[Records for processing — start]
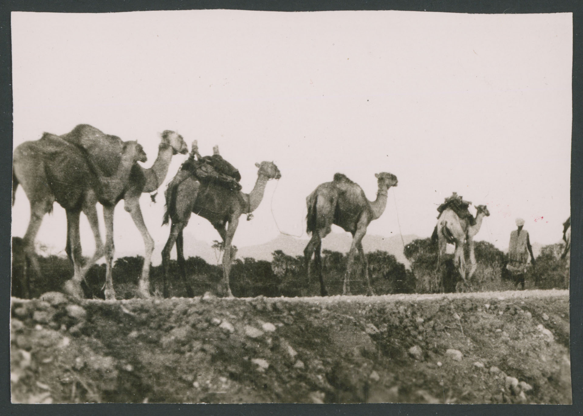 Caravana di dromedari su un terrapieno a Tessenei in Eritrea
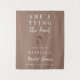 Sinal de Boas-Vindas em Tecido para Chá de Noiva "Ela Está Amarrando o Nó" | Fundo para Fotobooth | Tapeçaria Suspensa | Modelo Editável | Decoração de Chá de Noiva Elegante com Laço Marrom Mocha
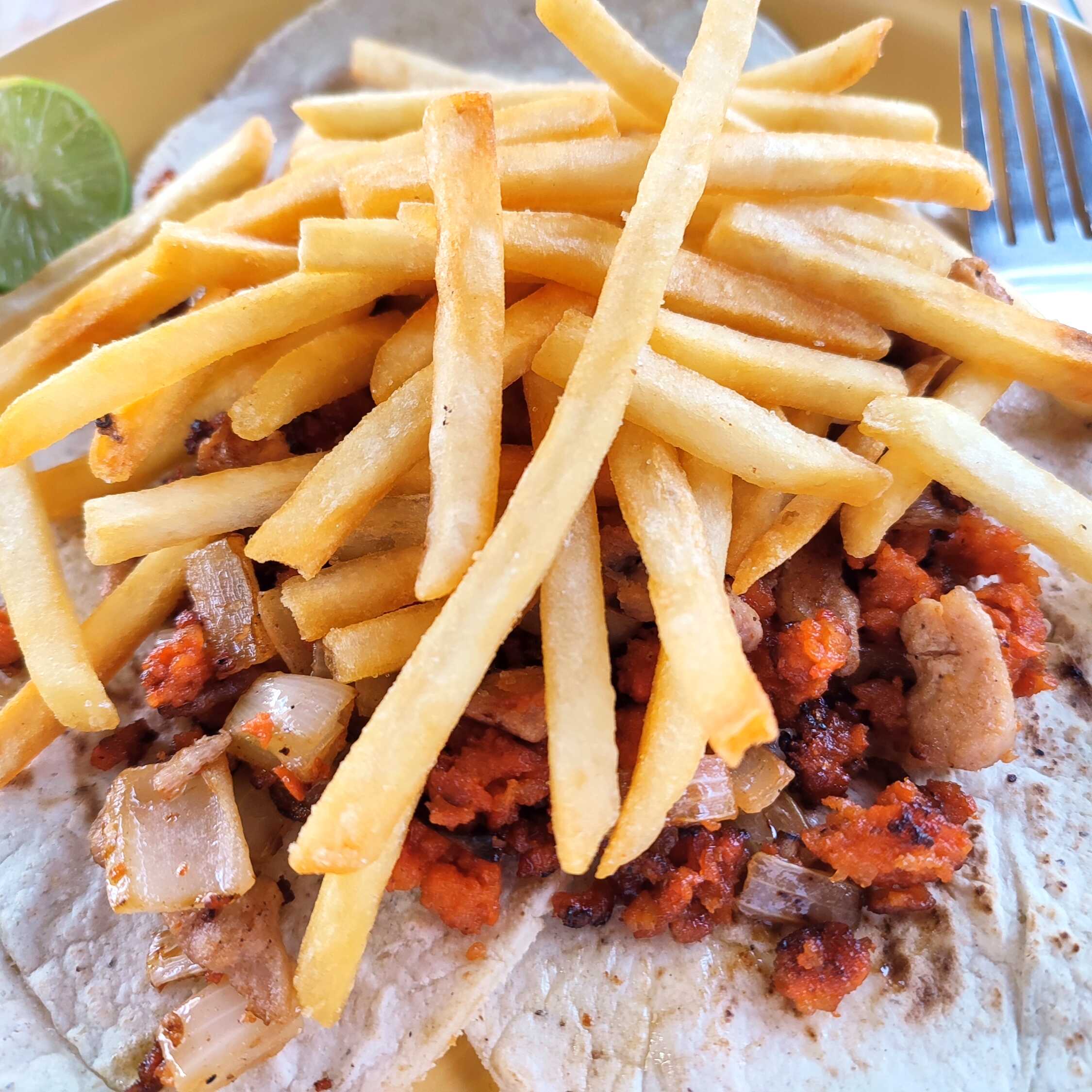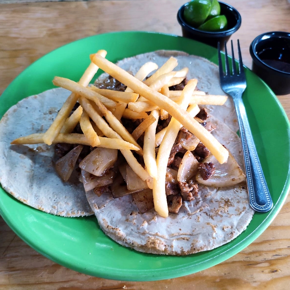 Orden de 3 Tacos de Bistec de cerdo con Chorizo, acompañado de Papas a la Francesa (Limón y Salsa Macha aparte).
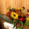 This cornucopia mixes up sunflowers, lilies, hypericum berries, red roses, fall daisys, orange waxflower and greens. Perfect addition to your holiday table!
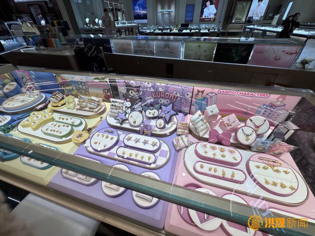 日前,记者走进南昌武商MALL某金店,展柜被粉紫、浅黄等马卡龙色系的陈列台铺满,左边的三丽鸥主题区里,布丁狗、库洛米造型的足金串珠在射灯下闪着柔光,串珠旁还摆着同款卡通立牌;中间的蓝色展台主打泡泡玛特DIMOO系列,足金吊坠被放在『云朵』形状的展示架上,连标价签都印着DIMOO的可爱图案。
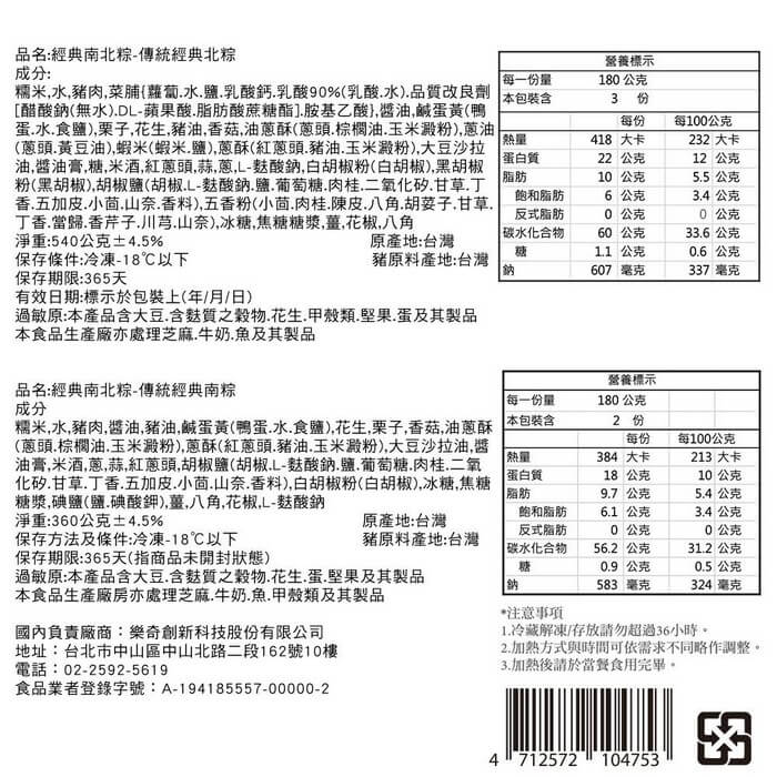 - 材質/食材:傳統經典北粽成份:糯米,水,豬肉,菜脯{蘿蔔.水.鹽. 乳酸鈣.乳酸90%(乳酸.水).品質改良劑[醋酸鈉(無水).D-蘋果酸.脂肪酸蔗糖酯].胺基乙酸},醬油,鹹蛋黃(鴨蛋.水.食鹽),栗子,花生,豬油,香菇,油蔥酥(蔥頭.棕櫚油.玉米澱粉),蔥油(蔥頭.黃豆油),蝦米(蝦米.鹽),蔥酥(紅蔥頭.豬油.玉米澱粉),大豆沙拉油,醬油膏,糖,米酒,紅蔥頭,蒜,蔥,L-麩酸鈉,白胡椒粉(白胡椒),黑胡椒粉(黑胡椒),胡椒鹽(胡椒.L-麩酸鈉,鹽.葡萄糖.肉桂.二氧化矽.甘草.丁香.五加皮.小茴.山奈.香料),五香粉(小茴.肉桂.陳皮.八角.胡荽子.甘草.丁香.當歸.香芹子.川芎.山奈),冰糖,焦糖糖漿,薑,花椒,八角。 傅統經典南粽成份:糯米,水,豬肉,醬油,豬油,鹹蛋黃(鴨蛋.水.食鹽),花生,栗子,香菇,油蔥酥(蔥頭.棕櫚油,玉米澱粉),蔥酥(紅蔥頭.豬油.玉米澱粉),大豆沙拉油,醬油膏,米酒,蔥,蒜,紅蔥頭,胡椒鹽(胡椒.L-麩酸鈉.鹽.葡萄糖.肉桂.二氧化矽.甘草.丁香.五加皮.小茴. 山奈.香料),白胡椒粉(白胡椒),冰糖,焦糖糖漿,碘鹽(鹽.碘酸鉀),薑,八角,花椒,L-麩酸鈉。
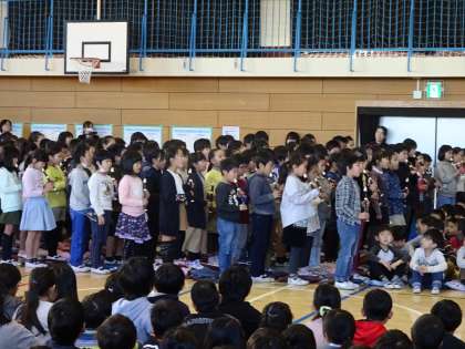 6年生を送る会(3年生) 公開日 2018/03/02 更新日 2018/03/02 3年生 3年生の演目は、言葉と演奏・歌でした。 今年度から習い始めたリコーダーにのせて、歌いました。 リコーダーの音色が揃っていて、きれいな演奏でした(3月2日)
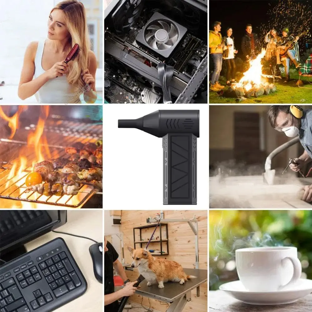 Stay cool wherever you go with the upgraded mini jet turbo fan, engineered for maximum airflow in a compact, travel-friendly design. Featuring a high-performance 130,000 RPM brushless motor, this fan provides instant, powerful cooling when you need it most. Its durable construction and pocket-sized frame make it the perfect companion for sports, outdoor activities, commuting, or even clearing dust from electronics. With a long-lasting 5000mAh rechargeable battery and adjustable wind speeds, you get the freedom to enjoy reliable cooling anytime, anywhere. Whether you're at the gym, camping, or working, this fan keeps you refreshed with ease.
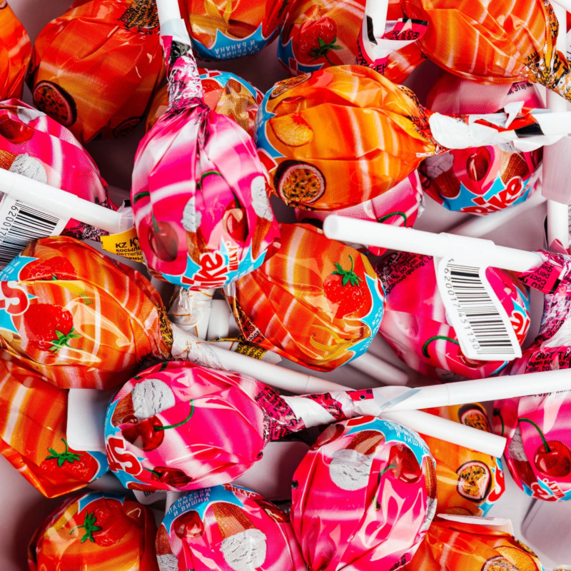 - Karamele uz kociņa. Sortimentā ir karamele uz kociņa ar piena un augļu garšas piedevām: saldējums-ķiršu, persiku-pasiorijas auglis, zemeņu-banānu. Karamele ir izgatavota, pievienojot pienu un dabiskās krāsvielas. Sastāvdaļas: cukurs, melase, saldināts iebiezinātais pilnpiens (pilnpiens, vājpiens, cukurs (saharoze), laktoze); skābuma regulētājs: citronskābe; nesējs: glicerīns; aromatizētāji, krāsvielas: titāna dioksīds, kurkumīns; koncentrēta purpura burkānu sula. Produkts var saturēt sēra dioksīdu.
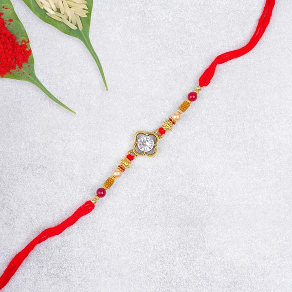 Traditional Golden Pearl Rakhi And 3 Pcs Ferrero Rocher
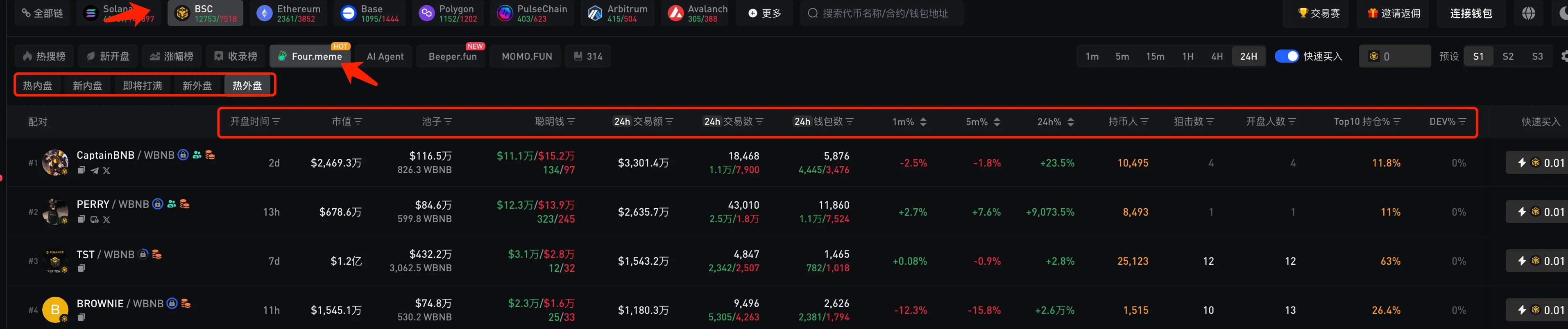 BSC 上的 pump 平台是https://four.meme/,我们可以在【Board】页面查看内盘的币,可以按条件进行各种筛选;也可以在【Ranking】页面查看市值榜单和 24 小时交易量榜。
[Records for processing — finish]
Exercise requirements: A faithful copy of all the lines above is needed, with the pictures omitted.

Task output:
 Caravana di dromedari su un terrapieno a Tessenei in Eritrea
 Sinal de Boas-Vindas em Tecido para Chá de Noiva "Ela Está Amarrando o Nó" | Fundo para Fotobooth | Tapeçaria Suspensa | Modelo Editável | Decoração de Chá de Noiva Elegante com Laço Marrom Mocha
 Orden de 3 Tacos de Bistec de cerdo con Chorizo, acompañado de Papas a la Francesa (Limón y Salsa Macha aparte).
 This cornucopia mixes up sunflowers, lilies, hypericum berries, red roses, fall daisys, orange waxflower and greens. Perfect addition to your holiday table!
 日前,记者走进南昌武商MALL某金店,展柜被粉紫、浅黄等马卡龙色系的陈列台铺满,左边的三丽鸥主题区里,布丁狗、库洛米造型的足金串珠在射灯下闪着柔光,串珠旁还摆着同款卡通立牌;中间的蓝色展台主打泡泡玛特DIMOO系列,足金吊坠被放在『云朵』形状的展示架上,连标价签都印着DIMOO的可爱图案。
 - 材質/食材:傳統經典北粽成份:糯米,水,豬肉,菜脯{蘿蔔.水.鹽. 乳酸鈣.乳酸90%(乳酸.水).品質改良劑[醋酸鈉(無水).D-蘋果酸.脂肪酸蔗糖酯].胺基乙酸},醬油,鹹蛋黃(鴨蛋.水.食鹽),栗子,花生,豬油,香菇,油蔥酥(蔥頭.棕櫚油.玉米澱粉),蔥油(蔥頭.黃豆油),蝦米(蝦米.鹽),蔥酥(紅蔥頭.豬油.玉米澱粉),大豆沙拉油,醬油膏,糖,米酒,紅蔥頭,蒜,蔥,L-麩酸鈉,白胡椒粉(白胡椒),黑胡椒粉(黑胡椒),胡椒鹽(胡椒.L-麩酸鈉,鹽.葡萄糖.肉桂.二氧化矽.甘草.丁香.五加皮.小茴.山奈.香料),五香粉(小茴.肉桂.陳皮.八角.胡荽子.甘草.丁香.當歸.香芹子.川芎.山奈),冰糖,焦糖糖漿,薑,花椒,八角。 傅統經典南粽成份:糯米,水,豬肉,醬油,豬油,鹹蛋黃(鴨蛋.水.食鹽),花生,栗子,香菇,油蔥酥(蔥頭.棕櫚油,玉米澱粉),蔥酥(紅蔥頭.豬油.玉米澱粉),大豆沙拉油,醬油膏,米酒,蔥,蒜,紅蔥頭,胡椒鹽(胡椒.L-麩酸鈉.鹽.葡萄糖.肉桂.二氧化矽.甘草.丁香.五加皮.小茴. 山奈.香料),白胡椒粉(白胡椒),冰糖,焦糖糖漿,碘鹽(鹽.碘酸鉀),薑,八角,花椒,L-麩酸鈉。
 6年生を送る会(3年生) 公開日 2018/03/02 更新日 2018/03/02 3年生 3年生の演目は、言葉と演奏・歌でした。 今年度から習い始めたリコーダーにのせて、歌いました。 リコーダーの音色が揃っていて、きれいな演奏でした(3月2日)
 Stay cool wherever you go with the upgraded mini jet turbo fan, engineered for maximum airflow in a compact, travel-friendly design. Featuring a high-performance 130,000 RPM brushless motor, this fan provides instant, powerful cooling when you need it most. Its durable construction and pocket-sized frame make it the perfect companion for sports, outdoor activities, commuting, or even clearing dust from electronics. With a long-lasting 5000mAh rechargeable battery and adjustable wind speeds, you get the freedom to enjoy reliable cooling anytime, anywhere. Whether you're at the gym, camping, or working, this fan keeps you refreshed with ease.
 - Karamele uz kociņa. Sortimentā ir karamele uz kociņa ar piena un augļu garšas piedevām: saldējums-ķiršu, persiku-pasiorijas auglis, zemeņu-banānu. Karamele ir izgatavota, pievienojot pienu un dabiskās krāsvielas. Sastāvdaļas: cukurs, melase, saldināts iebiezinātais pilnpiens (pilnpiens, vājpiens, cukurs (saharoze), laktoze); skābuma regulētājs: citronskābe; nesējs: glicerīns; aromatizētāji, krāsvielas: titāna dioksīds, kurkumīns; koncentrēta purpura burkānu sula. Produkts var saturēt sēra dioksīdu.
 Traditional Golden Pearl Rakhi And 3 Pcs Ferrero Rocher
 BSC 上的 pump 平台是https://four.meme/,我们可以在【Board】页面查看内盘的币,可以按条件进行各种筛选;也可以在【Ranking】页面查看市值榜单和 24 小时交易量榜。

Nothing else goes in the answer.